Have you ever floated down a river on a tube or in a boat—just drifting along on a sunny day, enjoying clear skies, fresh air, and the beauty of nature around you? It’s very peaceful. Now, have you ever tried to go against the flow and go upstream? There is nothing peaceful about it. Even if you succeed in paddling upstream, it is unlikely that either the experience or the result is worth the effort invested. When it comes to cybersecurity, though, many organizations are doing just that—trying to swim upstream.
Doing Things the Hard Way
I used to do things the hard way. I liked to build my own PCs back in the day. It was fun and interesting to me, and I rationalized that I could build a PC cheaper than buying one with comparable specs.
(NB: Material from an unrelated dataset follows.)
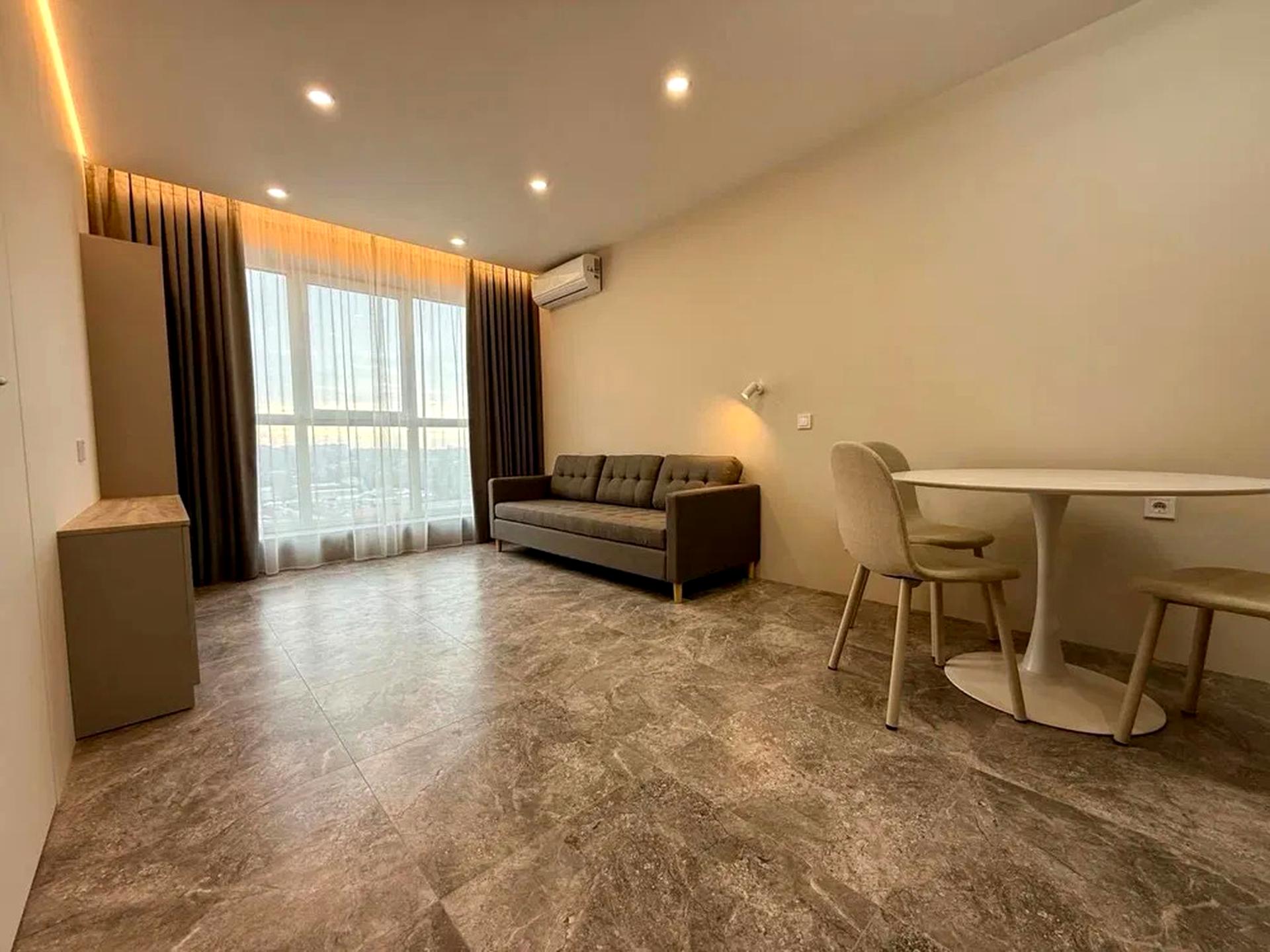 В квартирі 2 кімнати, Технологія будівництва - Цегляна, Тип будинку - Спец. проект. Кухонна плита електрична. У квартирі є Підігрів підлоги, Кондиціонер, Пральна машина, Душова кабіна, Холодильник, Мікрохвильовка. Будинок побудований в 2025 році. Загальний стан квартири - З ремонтом. Гаряча вода - електричний бойлер. Кількість санвузлів: 1. Інтернет бездротовий. Працює без світла - вода, опалення, інтернет, резервне живлення квартири (акумулятори). Тип кухні - кухня-студія. Кількість спален: 1. Комісія за послуги 75 %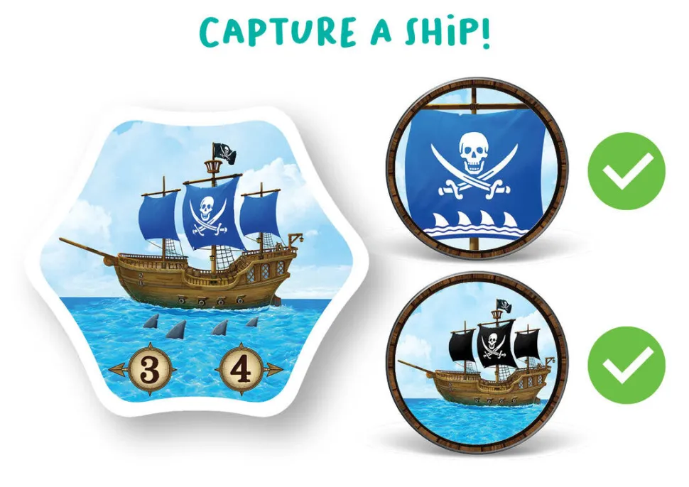 CONTENIDO: 72 cartas de juego, 12 cartas de tiburón, 6 fichas de animales marinos, 1 tiburón, 1 instrucciones

I would buy the supplies necessary and then put it all together. There were always challenges to get everything installed properly and working together—especially back in the days of setting IRQ and DMA settings with physical jumper switches on the motherboard. Once it was complete and up and running, there would often be issues with incompatibilities between hardware components, or driver updates, and fine tuning to try and optimize performance. Unfortunately, the burden was completely on me to resolve any issues because each of the component vendors would just point fingers and blame a different component.
One day, I switched things up and just bought a PC off-the-shelf. Experts in PC engineering and manufacturing had worked everything out and put it together for me, so all I had to do was turn it on. Compatibility, configuration, and optimization were all challenges for the PC vendor to resolve. When I ran into any issues, I had one vendor to contact for support, and they had nobody to point fingers at because they were responsible for the whole PC.
I said earlier that building my own PC was cheaper than buying one off the shelf—at least on paper. Ultimately, when you consider the time and effort on my part to build, configure, optimize, and troubleshoot my homemade PC, it wasn’t actually cheaper. On the contrary, it was more expensive.
Cybersecurity that Goes with the Flow
Many organizations handle cybersecurity much the same way I used to build PCs. They don’t really have the knowledge or experience necessary to implement and manage cybersecurity effectively, but they know enough to muddle through. They research options to the best of their ability and buy the security tools and platforms that seem to make sense—firewalls, endpoint protection, log management, intrusion detection, and more. Once it’s all in place, they are responsible for managing and optimizing protection, and for identifying and responding to security incidents.
This do-it-yourself approach generally ends up costing more money and requiring more time and effort for cybersecurity that keeps CISOs and IT managers up at night—worried that cyber attacks will compromise their network or data.
Just like I discovered it was both better and less expensive to buy a PC engineered and built by people who know what they’re doing, the alternative for cybersecurity is to work with a company like Alert Logic that provides the protection you need, the intelligence to identify emerging threats, and the experts to monitor the network 24/7 to detect and respond to security incidents while saving you money at the same time.
The moral of the story is that it doesn’t make sense to “swim upstream” and try to do things the hard way when you can let professionals do it for you—providing both cost savings and peace of mind at the same time.